Desse modo, as ciências sociais de base fenomenológica propõem descrever o

“que se passa” efetivamente do ponto de vista daqueles que vivem numa dada situação

concreta e o modo como, por meio desse processo, os indivíduos e os grupos sociais concebem reflexivamente ou representam o seu mundo (ALVES, 2006).

Descrever os aspectos essenciais do fenômeno é a maneira de afirmarmos que dado fenômeno é, nele mesmo, inconfundível com outro; é descrevê-lo tal como o percebemos (CAPALBO, 2008).

A teoria da percepção em Merleau-Ponty (1996) também se refere ao campo da subjetividade e da historicidade, ao mundo dos objetos culturais, das relações sociais, do diálogo, das tensões, das contradições e do amor como amálgama das experiências afetivas. Sob o sujeito encarnado, correlacionamos o corpo, o tempo, o outro, a afetividade, o mundo da cultura e das relações sociais (NÓBREGA, 2008).

Elege a percepção como relação primordial com o mundo. Tudo que sabemos do mundo é pela experiência do mundo e não por conhecimentos científicos. Vivemos o mundo, percebemos o mundo: há algo anterior à elaboração consciente sobre o mundo; ao mesmo

tempo, há algo anterior à pura sensação do mundo. Assim, não adianta teorizar sobre o mundo que a ciência fala, pois é preciso ir em sua direção, retornar a esse mundo (MERLEAU- PONTY, 1996).

Nessa perspectiva, Merleau-Ponty (2009) aprofunda a corporeidade e a percepção como experiência vivida pelo homem, em situação no mundo. O corpo vivido é ao mesmo tempo o corpo fenomenal e o corpo objetivo, é o corpo que se apresenta como possuidor de uma subjetividade, corpo próprio possuidor de um esquema corporal dinâmico.

Isso se dá, porque o indivíduo é capaz de perceber o outro como tal, é capaz de autoperceber-se como um sujeito no mundo que pode ser percebido por outro sujeito. Emerge, pois, a consciência de si próprio graças a esta experiência do outro como outrem (CAPALBO, 2011).

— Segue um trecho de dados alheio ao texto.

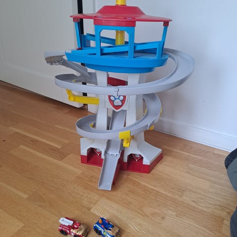 Paw Patrol lekset utkikstorn i plast, flerfärgad. Tornet har en rund bas med markerade parkeringsplatser i olika färger, en spiralformad rutschkana samt hissfunktion i mitten. Överst finns en plattform med kontrollpanel, ljusdetaljer, ljud och periskop.
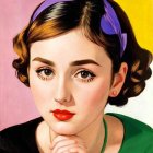 A young woman with curly brown hair and a lavender headband rests her chin on her hand. She wears a green shirt, gazing intently at the viewer against a vibrant yellow and pink background.
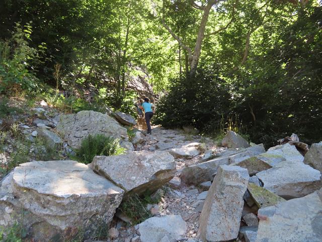 Cómo podéis observar en las fotos que siguen, la senda cambia poco en su apariencia. En algún tramo se nota que ha intervenido la mano del hombre creando terrazas a base de aplanar las piedras en las zonas en las que la ladera es muy pronunciada, pero poco más. El resto sigue igual de pedregoso.
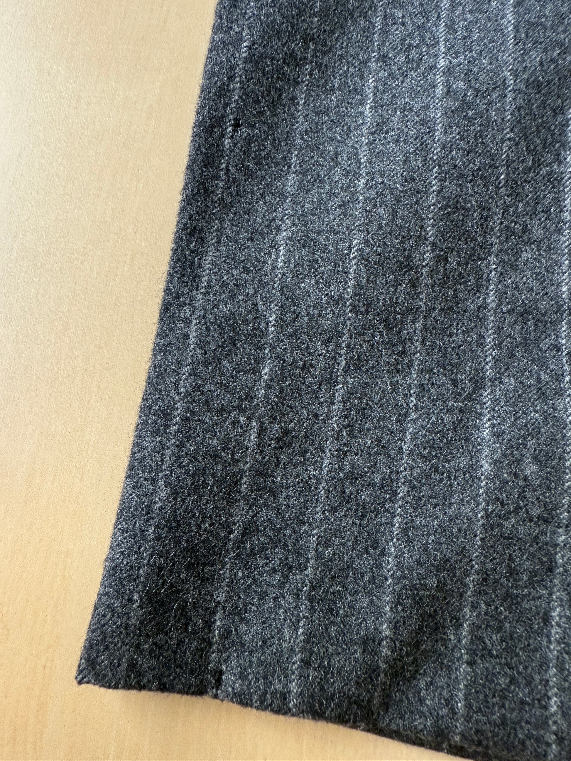 Stupendo abito doppiopetto anni ‘70 di confezione sartoriale, in flanella 100% lana pesantissima, colore grigio medio gessato.
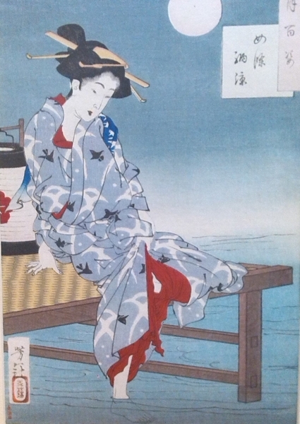 O femeie tânără șezând pe o bancă, cu capul lăsat ușor pe umărul stâng, cu un picior în apa râului. Poartă un kimono în nuanțe de gri și alb – deasupra și unul de culoare bordo – dedesubt. Cu părul prins cu ace de păr.
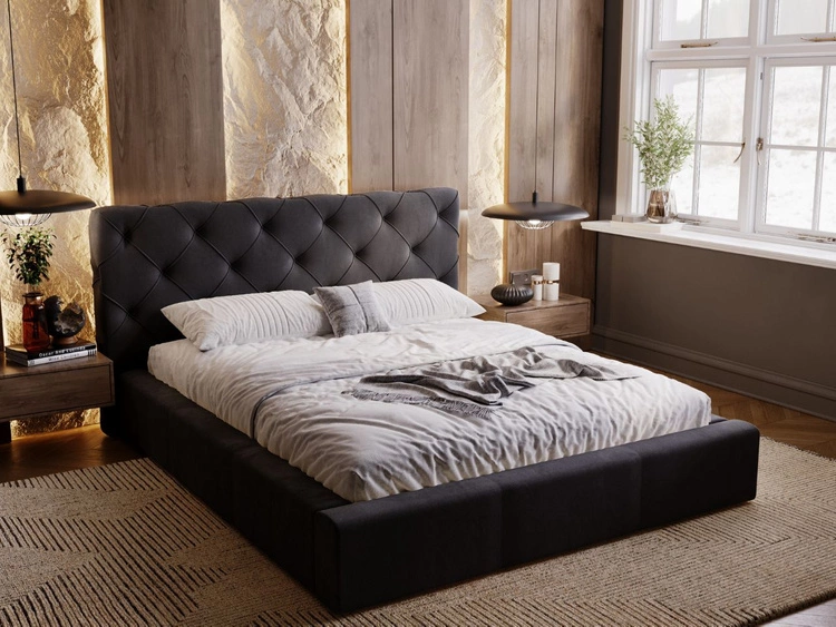 Łóżko tapicerowane z pojemnikiem i stelażem 160x200 Twist Czarny
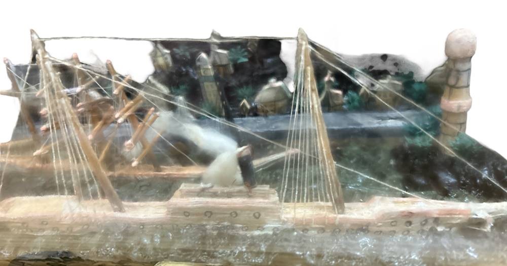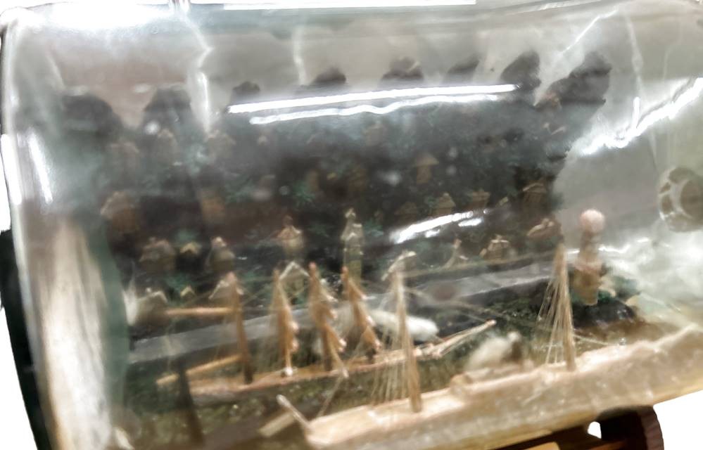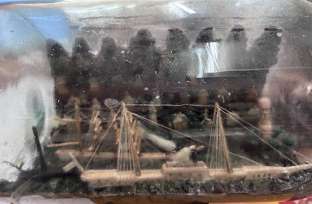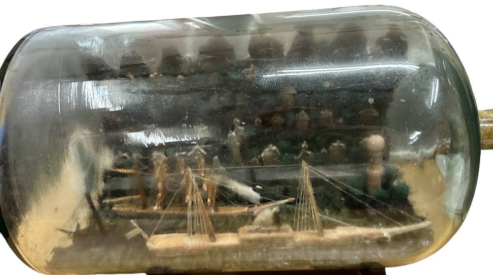gr. Buddelschiff mit 2 Segelschiffen und Panorama, H-21 cm, L-41 cm [1]
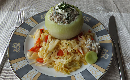 Kohlrabi schälen, mit einem Löffel oder Kugelausstecher aushöhlen und zum
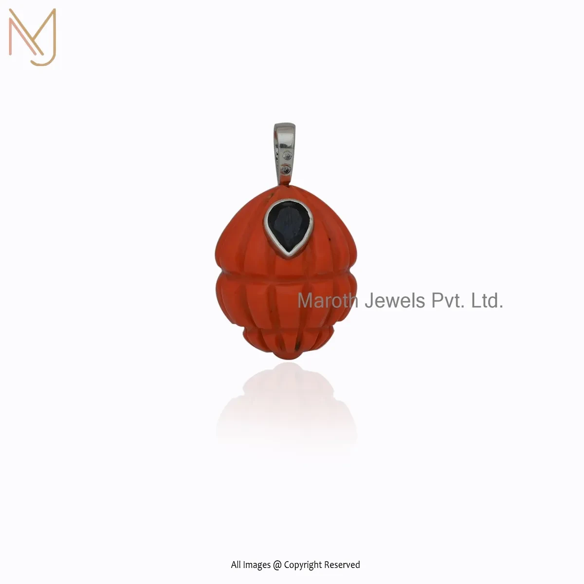 Private Lable 925 Silver Yellow Gold Plated Cubic Zircon & Black Onyx Gemstone Shell Pendant
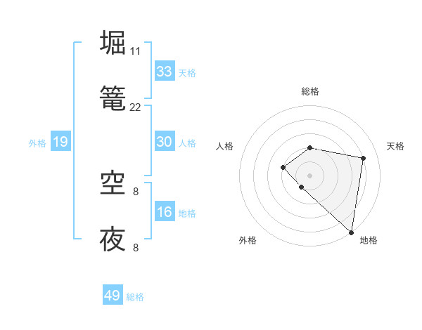 堀篭 空夜さんの総格は49画の2点!
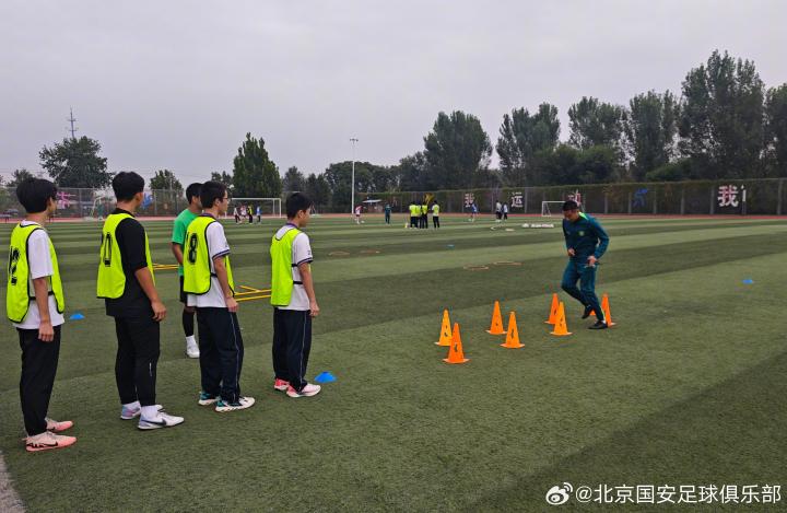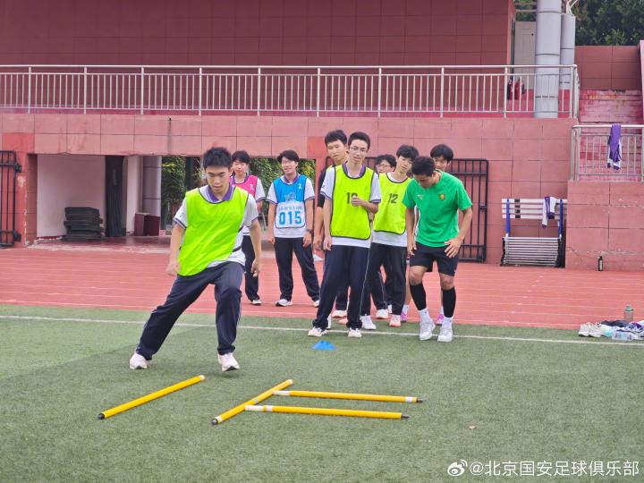 北京国安针对建大附中学生们的足球基础,定制了专属的足球一堂课,由国安青训教练带领下,进行了职业足球训练体系的运动表现和足球基础带球训练项目。
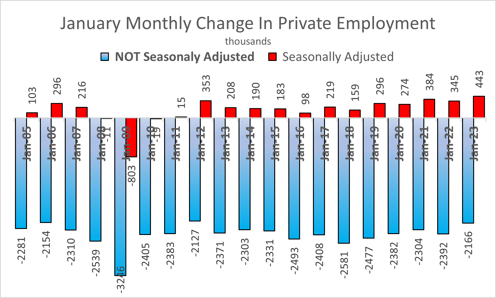 Unless Fed officials believe they must try to shove down the Bureau of Labor Statistics’ seasonal adjustments with higher interest rates, it would be even more foolish than usual for them to treat these preliminary estimates of “seasonally adjusted” job gains as a fearsome omen that falling inflation is about to flare up again in a mysterious burst of spontaneous combustion.
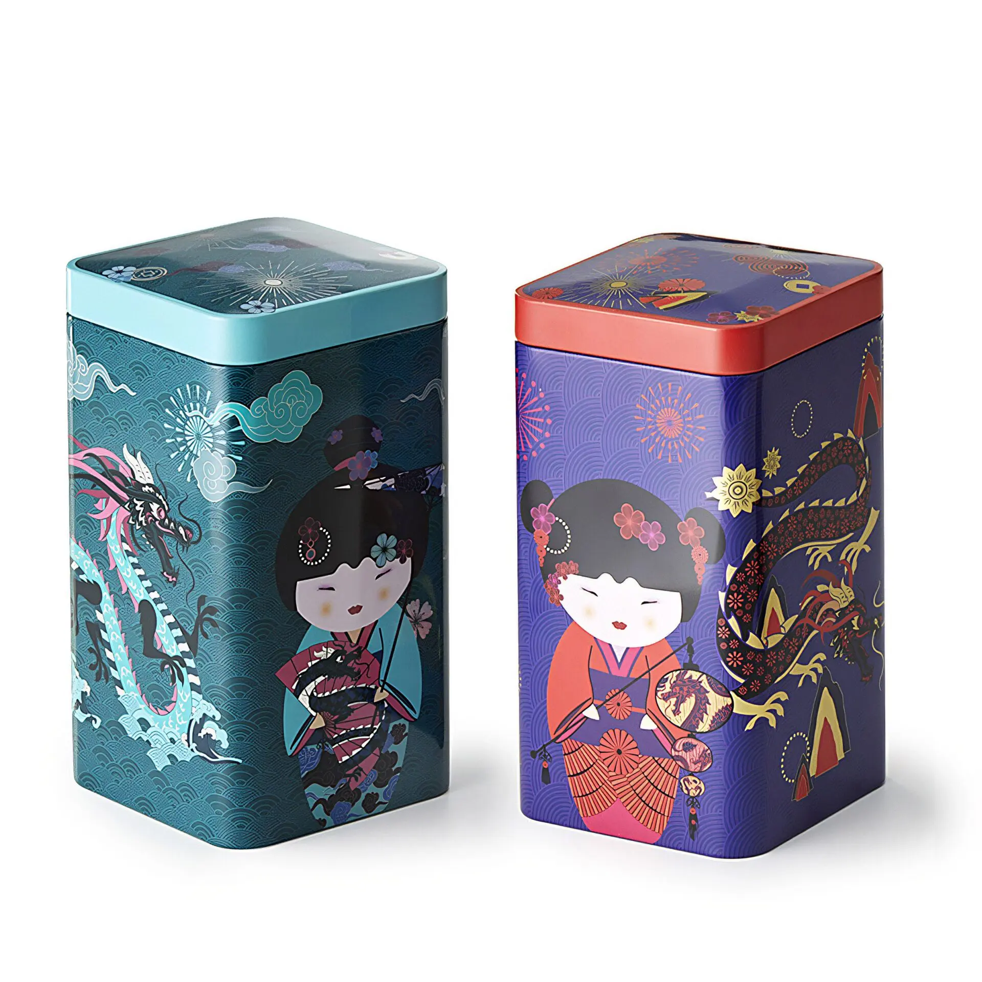 Diese elegante Weissblechdose vereint fernöstliche Ästhetik mit kunstvoller Detailverarbeitung. Im Mittelpunkt des dekorativen Designs stehen zwei anmutige Geishas, die für Eleganz, Kultiviertheit und die jahrhundertealte japanische Unterhaltungskunst stehen. Ihre prächtig verzierten Kimonos mit traditionellen asiatischen Mustern und Stickereien zeugen von meisterhaftem Handwerk und liebevoller Detailarbeit.
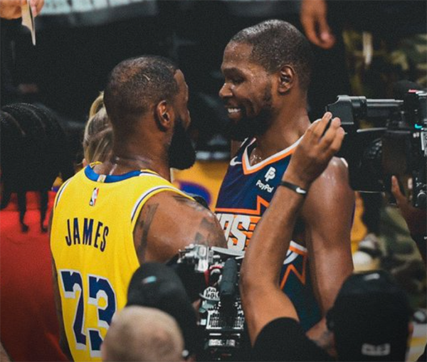 本赛季湖人和太阳第一次交手时,詹姆斯拿到21分8篮板9助攻,携手浓眉捍卫主场,杜兰特空砍39分11篮板;如今詹杜在季中锦标赛相遇,湖人将在四连客的最后一场挑战太阳;NBA官方晒两人昔日赛场对位照,为这一场焦点战预热。
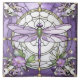 Dragonfly Purple and White Stained Glass Flower Tile
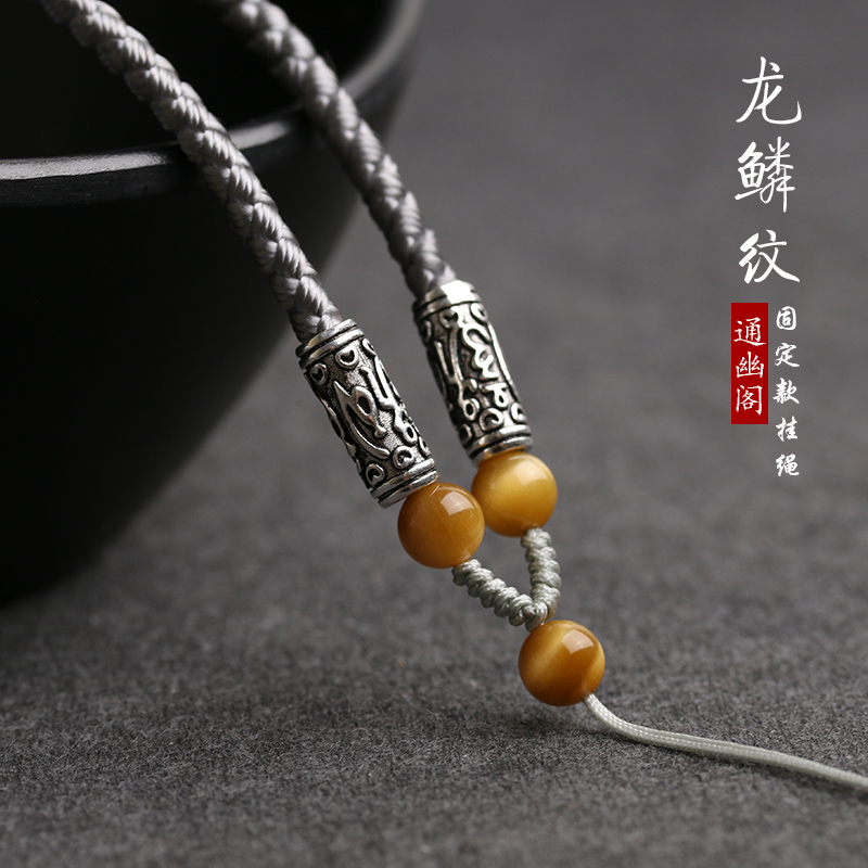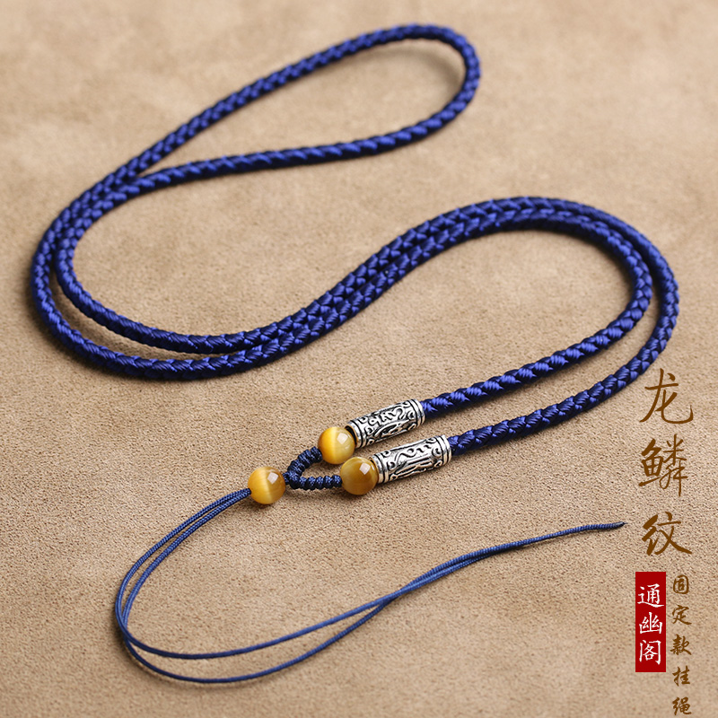 Tong You Ge Dragon scale pattern 3 5mm thick rope necklace lanyard Jade pendant Jade brand male silver gray pendant with rope
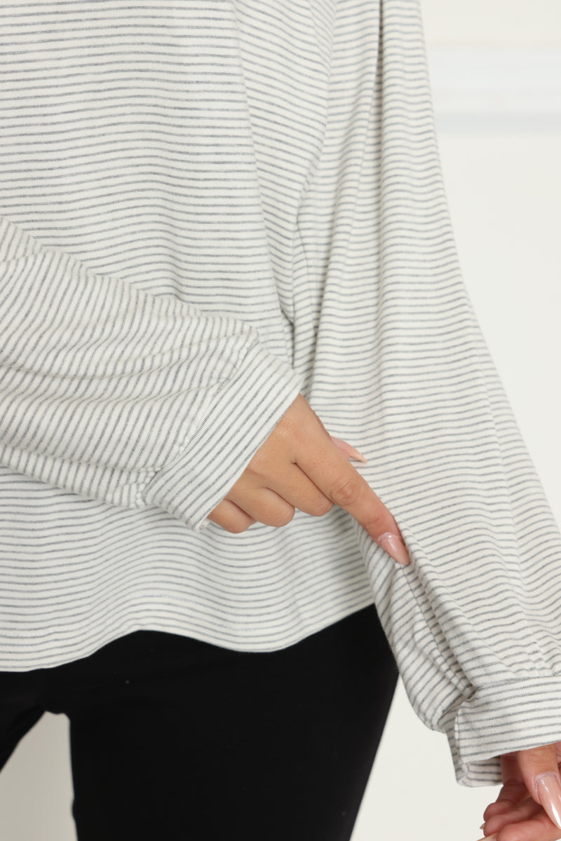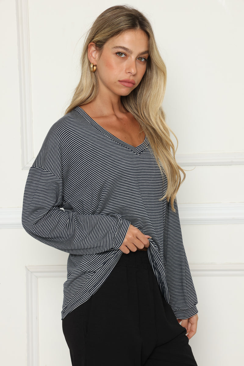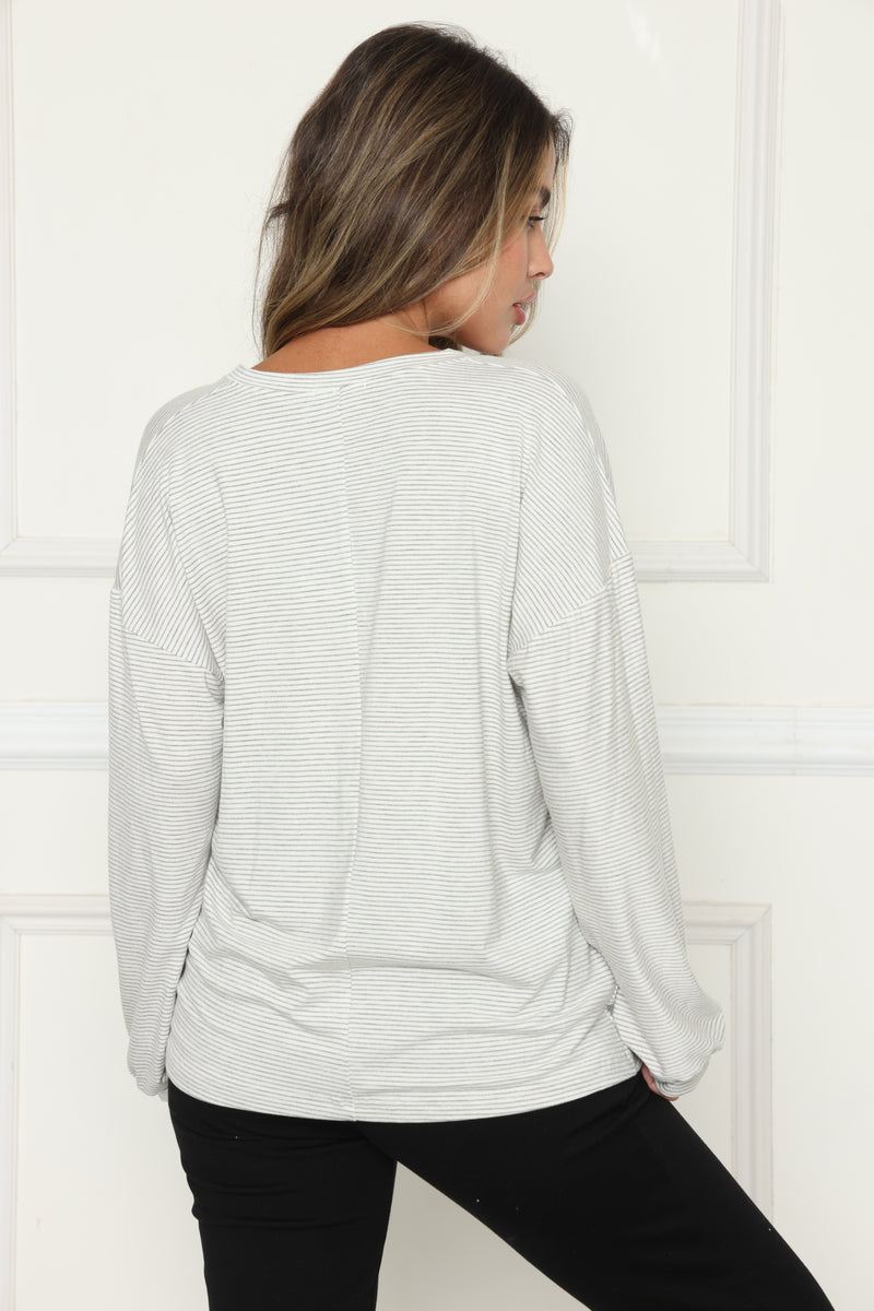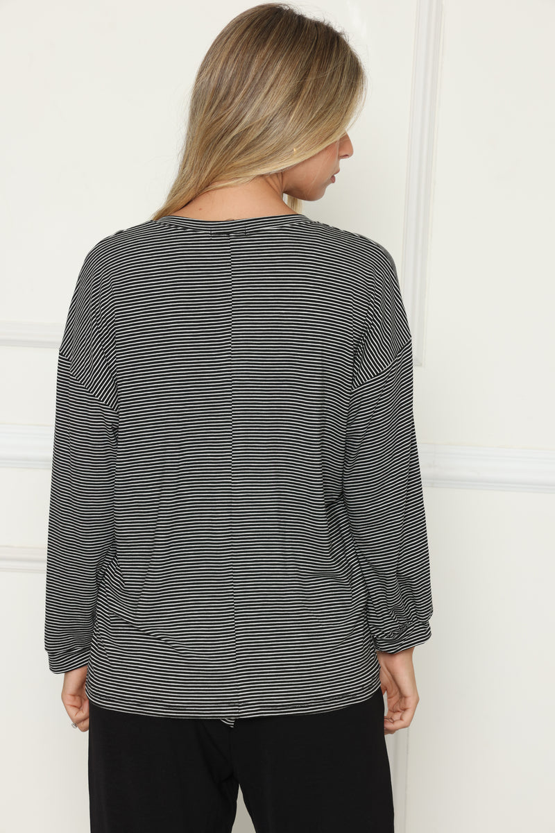 חולצת בייסיק רחבה מבד כותנה במגע רך עם דפוס פסים, צווארון וי עמוק.

É a subjetividade como experiência vivida em contexto organizacional que envolve a intersubjetividade, a expressão, a participação, as emoções, em suma, o sujeito capaz de fazer escolhas, de tomar decisões, de examinar a dimensão política de suas ações, as estratégias ou as boas razões para agir segundo o seu modo de pensar (CAPALBO, 2007).

Com base nisso, é possível afirmar que os corpos próprios marcados pelo episódio reacional hansênico se relacionam com o “mundo-vida”, com a sociedade na qual se insere e se afeta, provocando encontros produtores de significação existencial. Estes significados vivenciados é o que propomos compreender em sua essência por meio das falas dos sujeitos- colaboradores.